Wait a while, and everything old will become new again.
In October of 2004 I wrote in this space that the key argument in efforts to lure a horse track and slots parlor here comes down to the question of just whose ching is it anyway. I was hoping to outline the fight over the ten million dollars a year the legislation requires the operator to pay the host community, and the effort by Mountaineer Gaming to get the local community to kick half of it back for site improvements.
Fast forward 16 months to just this week, when Summit Township Supervisor Marlin Coon decided to “set the record straight” by writing a commentary that was included in the Township newsletter, opinions that later appeared in the Erie Times-News.
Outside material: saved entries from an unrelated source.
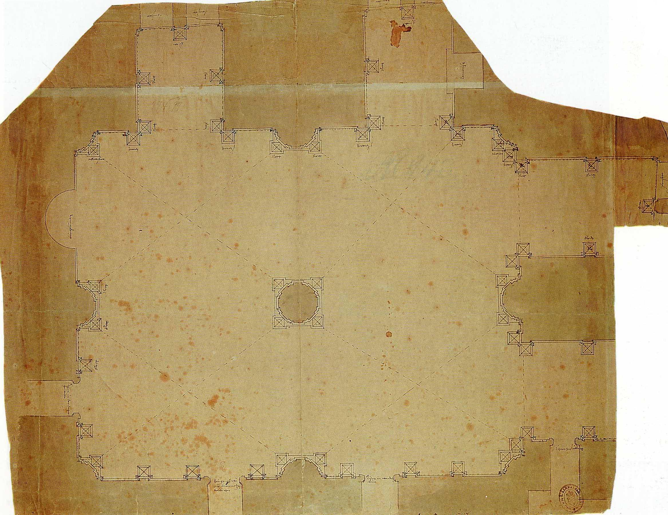 Erstes Belvedere
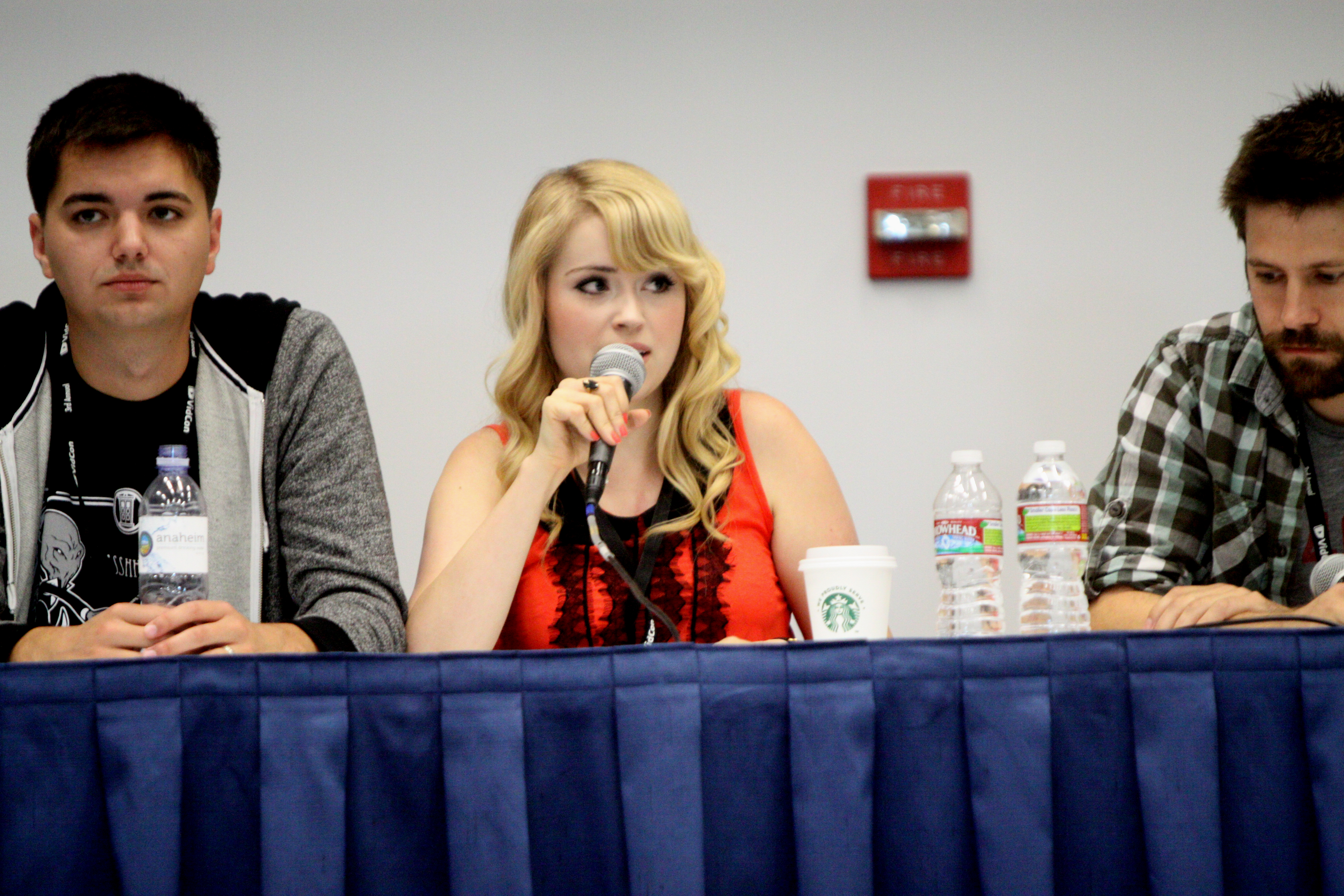 Elliott Morgan, Lee Newton, Joe Bereta (left to right), at VidCon 2012.
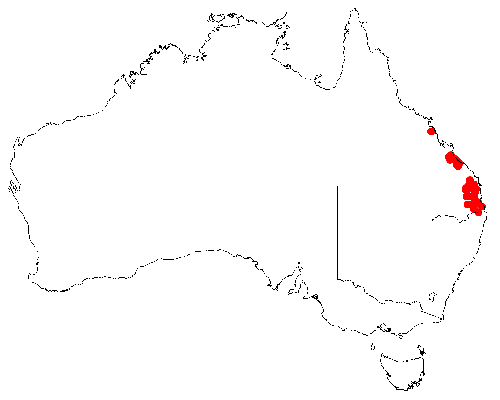 Parsonsia paulforsteri Occurrence data for Australia from Australasian Virtual Herbarium downloaded 22 December 2018
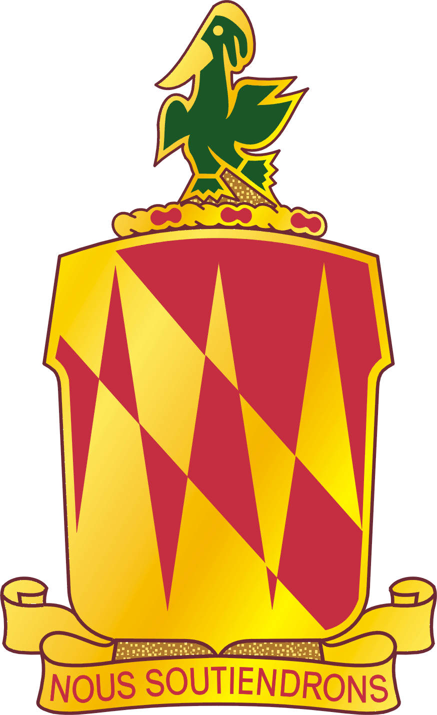 DUI of the 42 FA Bde (historical)

While targeting the newspaper specifically, Coon also chastises the media in general for allowing taxpayers to believe that a private developer would be benefiting from taxpayer dollars.
Therein lies the rub.
Coon doesn’t believe the dollars are public, so he sees no problem in giving a developer his own money back.
“These are dollars over and above all existing taxes,” Coon insists.
That’s true, but only because it’s a new tax, on future slots parlors existing for the first time in Pennsylvania.
Someone will have to widen lanes and install traffic lights for the new venture. Someone will have to provide extra policing and security. Someone will have to be trained in how to handle a fire in a horse barn, and have the equipment necessary if lives have to be saved, both human and equine.
Slots parlors create expenses for a community as well as revenues. Slots operators are expert at keeping food and drink and gambling dollars in house, and racinos near interstates are rarely economic engines for the communities that host them.
People stop by, spend their money, jump back on the highway and go home.
Lawmakers know that, and purposely set aside revenues so that smaller communities would not have to bear of brunt of the public cost of slots.
So, sorry, Mr. Coon, but those are tax dollars, and if half of them go to the developer for site improvements, then there are that many fewer dollars left for the inevitable cost of supporting gaming.
What goes around comes around, and the argument over the ching that fueled the debate over five years ago rages still.